Las tradiciones recónditas nos ofrecen una poderosa verdad: la presencia en el presente. Dice el rito que de aquel acto proviene la sabiduría y el conocimiento. Sin embargo, la presencia es esquiva en nuestra cotidianidad. ¿Por qué, en el mundo que habitamos, estar presentes es tan simple pero tan difícil a la vez?

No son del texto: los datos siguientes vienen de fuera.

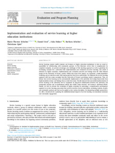 Service learning courses enable students and lecturers at higher education institutions to take on social responsibility by collaborating with community partners. In this literature review that is complemented by empirical examples, we present advantages and challenges of this teaching approach as well as guidelines for developing concepts for a university-wide implementation and evaluation of service learning. Our article is informed by higher education, implementation and evaluation research and findings from the Third Mission project of the University of Vienna, Austria. Within the scope of the project, we conducted a multi-stakeholder workshop and an interview study with representatives from seven universities. We illustrate the service learning approach with two course examples from the University of Vienna's psychology master's programme. Then, we discuss how service learning can be systematically implemented at the university level using frameworks from implementation science and findings from an interview study. Results indicate that successful implementation of service learning at the university level is supported by long-term collaboration between the university and community partners and an institutional culture that visibly values students' and lecturers' additional efforts. Finally, we seek to advance the evaluation of higher education by presenting a comprehensive participatory approach to service learning assessment that actively involves diverse stakeholders, including students, faculty, and community partners and that can be applied across various disciplines. By integrating multiple perspectives, we offer a framework for capturing the multidimensional impacts of service learning on educational outcomes and community engagement.
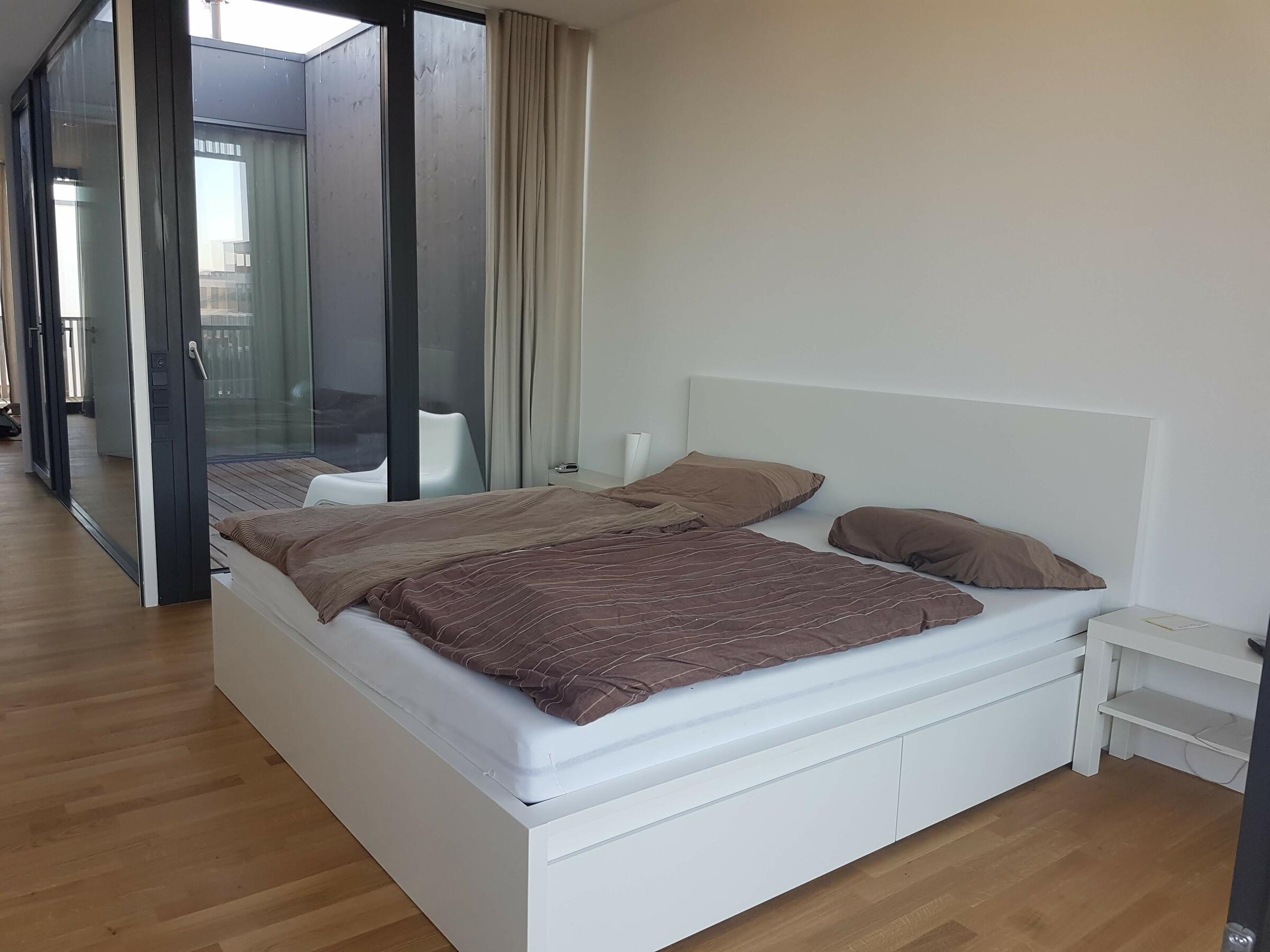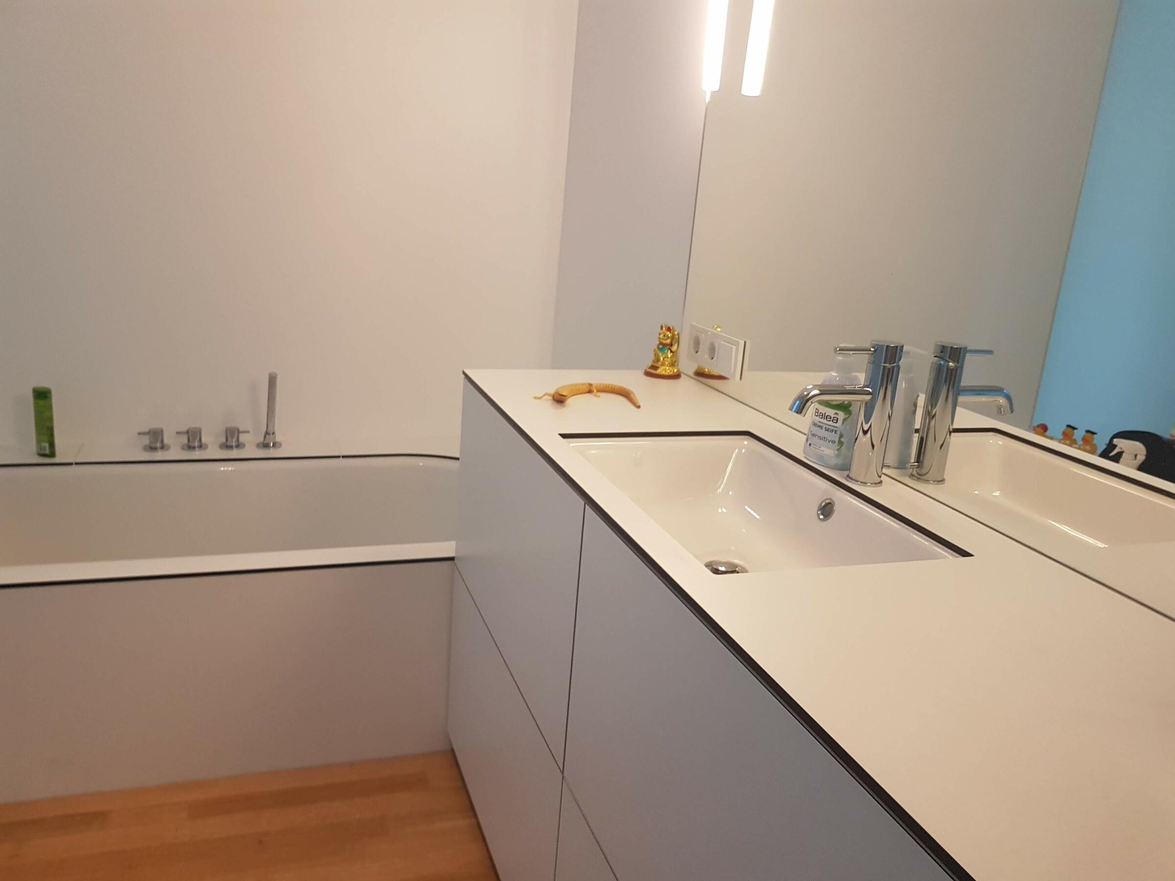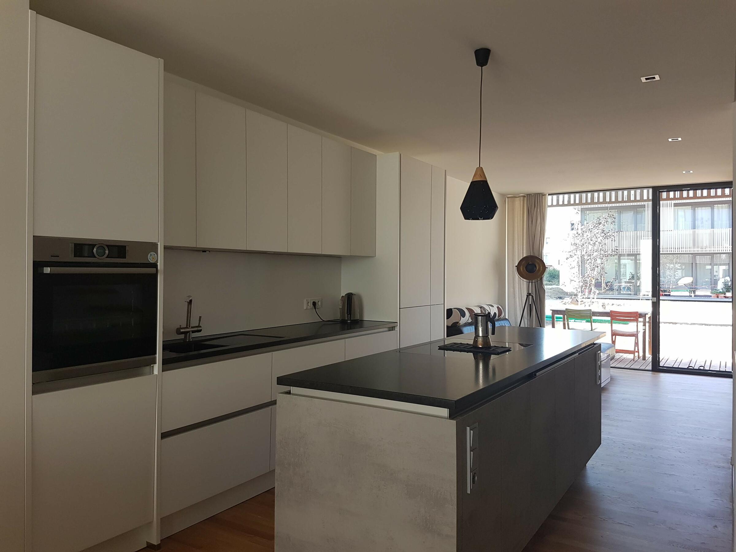 Das helle und offene Stadthaus aus dem Jahr 2018, hat vollverglaste Fronten und besteht aus 3 Etagen und Souterrain. Es steht in Südausrichtung und besitzt einen kleinen Garten. Die hochwertige Ausstattung besticht mit durchdachten Lichtinstallationen, Eichenparkett, Spiegeleinbauten, Einbauschränken und teilweise Designermöbeln. Das Erdgeschoss, mit seinen matten Glasfronten, ist vollständig offen und bietet eine weiße Küche mit mittig stehender Kücheninsel mit Steinplatte und Herd. Das Dachgeschoss hat einen innenliegenden Balkon, der 3 seitig verglast ist. Alle Zimmer in den Obergeschossen haben Balkone. Das Bad ist mit einer kompletten Milchglaswand, Schreinereinbauten sowie einem riesigen Spiegel ausgestattet. Es ist ein Tiefgaragenstellplatz vorhanden.

Para estar presentes, las voces apartadas del sueño nos mencionan algunos datos: dividir el día en fracciones y darse cuenta de las actividades diarias que realizamos y, en forma gradual, estar conscientes de cada rutina. Dedicar un momento temprano en el día de vivir el presente antes de cualquier otra cosa, es decir, dejar de lado otras prioridades, pero sin disiparlas. Mientras cambiamos de actividades, conservamos el propósito, por ejemplo, de controlar la imaginación, de estar presente en cada aliento. Utilizar el día como mecanismo para experimentar los esfuerzos de recordarse y no olvidarse. Tratar de estar presente cada vez que escuche, hable, vea. Con el hábito de acrecentar esta clase de vivencia, el “olvido de sí”, se cambia en la sencillez de estar presente.
Carlos G. Vallés escribe en unos de sus libros el siguiente relato:
“Al entrar Buda en un pueblo en su constante peregrinar en la siembra de la palabra y el ejemplo, un hombre le insultó y arrojó barro a su paso en protesta por su visita a aquel lugar. No a todos agradaban los sermones del peregrino y la renuncia total que la presencia del maestro y sus discípulos hacían palpable sin palabras ante una sociedad esclava de deseos. Y aquel hombre protestó con insultos la llegada del mensajero del desprendimiento.
Al atardecer Buda predicó ante el pueblo y aquel hombre también oyó el sermón. Había acudido para criticarlo e interrumpirlo con su actitud hostil, pero las palabras del maestro le llegaron desde el principio, abrieron sus ojos, cambiaron su corazón y le hicieron ver cuán equivocado estaba en su prejuicio injusto. Lloró de noche y decidió buscar el perdón al día siguiente.
De mañana se presentó al maestro, se identificó como el hombre que le había insultado la víspera y pidió perdón. Buda respondió:
‘Ayer era ayer y hoy es hoy. Aquel a quien tú insultaste era un personaje de ayer, y éste con quien hablas ahora lo es de hoy. El que insultó ayer, era de ayer, y el que pide perdón hoy es de hoy. El ayer pasó, y con él el insulto y quien lo lanzó y quien lo recibió. Hoy tú y yo somos nuevos como nuevo es el sol que acaba de amanecer. No achaques al sol de hoy los calores de ayer. No hay nada que perdonar porque no existe la injuria que habría que perdonar. Déjate ser hombre nuevo, y permíteme a mí serlo también contigo. Acabamos de conocernos. Seamos amigos’. Y un nuevo discípulo se añadió al grupo.”